Any information that may be stated as a percentage or a fraction of a whole is considered proportional data. Understanding the relative sizes of several categories or groups and how they affect the overall picture is made easier with the aid of proportional data visualization. Using a pie chart, donut chart, or waffle chart, you can see proportions.

Pie charts are one of the most commonly used tools for representing proportional data. A circular graph called a pie chart demonstrates the proportional breakdown of a group of categorical data. Both Matplotlib and Seaborn provide pie chart creation routines. Let’s look at an illustration:

data = [25, 40, 10, 25]
labels = ['A', 'B', 'C', 'D']
# Create a pie chart using Matplotlib
plt.pie(data, labels=labels)
plt.title('Matplotlib Proportional Data')
plt.show()
Fig.3: Matplotlib Pie Chart
# Create a pie chart using Seaborn
sns.set_style('whitegrid')
plt.title('Seaborn Proportional Data')
sns.color_palette('pastel')
plt.pie(data, labels=labels, colors=sns.color_palette())
plt.show()
Fig.4: Seaborn Pie Chart

In this illustration, we generate a set of labels and random data. After that, we use Seaborn and Matplotlib, respectively, to construct two pie charts. We can color-code each category using a specified palette thanks to Seaborn’s color_palette function.

Visualizing Relationships

Any data that demonstrates the connection between two or more variables is referred to as relationship data.
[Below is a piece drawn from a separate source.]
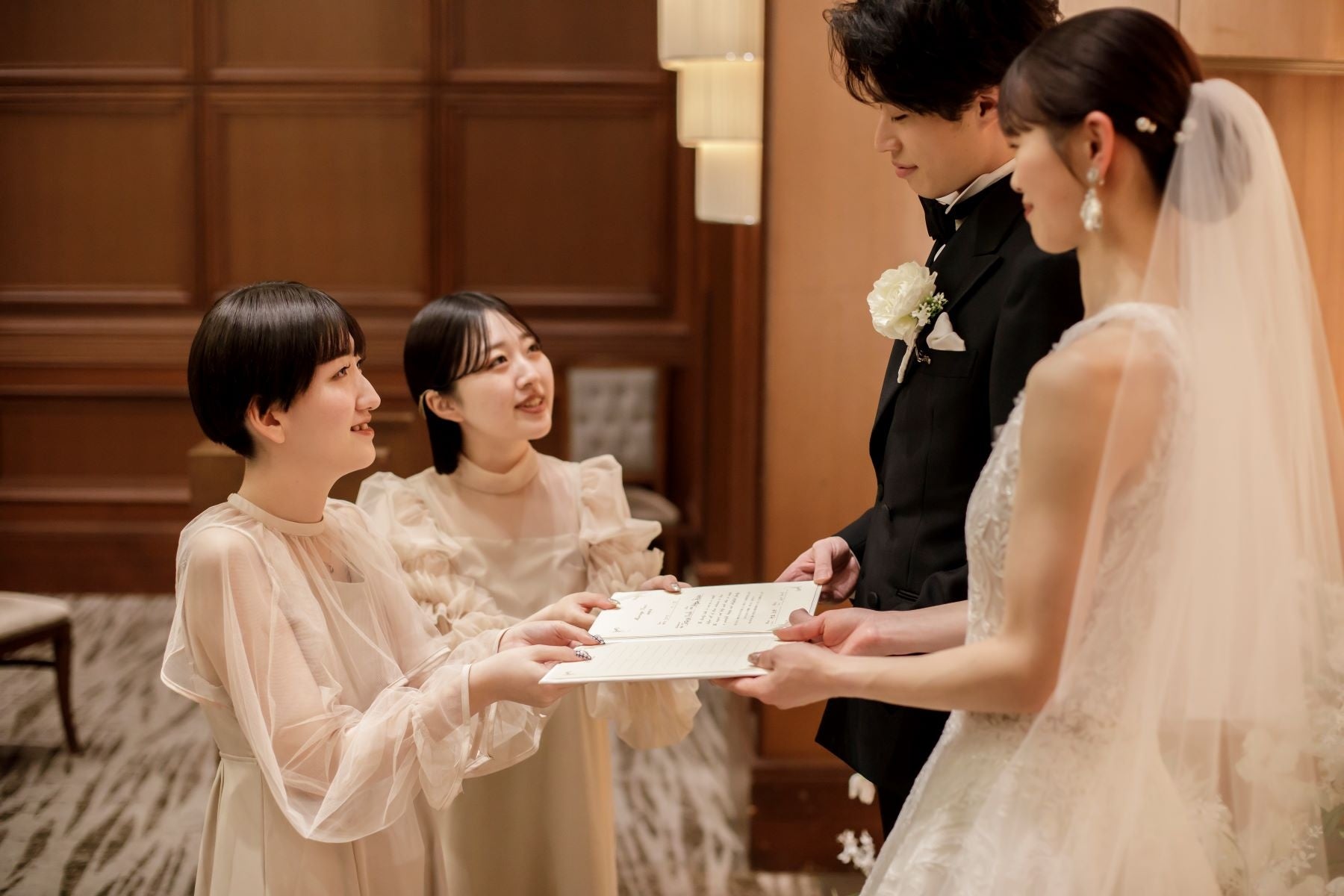 おふたり、親御様、そしておふたりの大切なゲストにも参加いただき「The Library」オリジナルの結婚証明書に署名。結婚式後は、毎年記念日にお互いへメッセージを書いたり、家族写真を貼って保管できたりと、一生涯カタチとして残る本(アルバム)に。

Visualizing connection data enables us to comprehend the correlation, directionality, and linear or nonlinear nature of the relationship.

Scatter plots are among the most commonly used tools for displaying relationship data. An illustration of the relationship between two sets of data is a scatter plot. Both Matplotlib and Seaborn include tools for making scatter plots. Let’s look at an illustration:

x = np.random.normal(size=1000)
y = 2 * x + np.random.normal(size=1000)

# Create a scatter plot using Matplotlib
plt.scatter(x, y)
plt.title('Matplotlib Scatter Plot of Data')
plt.xlabel('X')
plt.ylabel('Y')
plt.show()
Fig.5: Matplotlib Scatterplot
# Create a scatter plot using Seaborn
sns.scatterplot(x=x, y=y)
plt.title('Seaborn Scatter Plot of Data')
plt.xlabel('X')
plt.ylabel('Y')
plt.show()
Fig.6: Seaborn Scatterplot

In this illustration, we generate the random data sets x and y. Then, we use Matplotlib and Seaborn to construct two scatter plots, one using each package. The scatterplot function in Seaborn contains a few extra capabilities, like the ability to color-code points according to a third variable.

Visualizing Distributions

Any data that demonstrates the frequency of occurrence of various values or ranges of values is referred to as distribution data. Understanding the distribution’s shape, the existence of outliers, and the likelihood of specific values or ranges of values are all made easier by visualizing distribution data.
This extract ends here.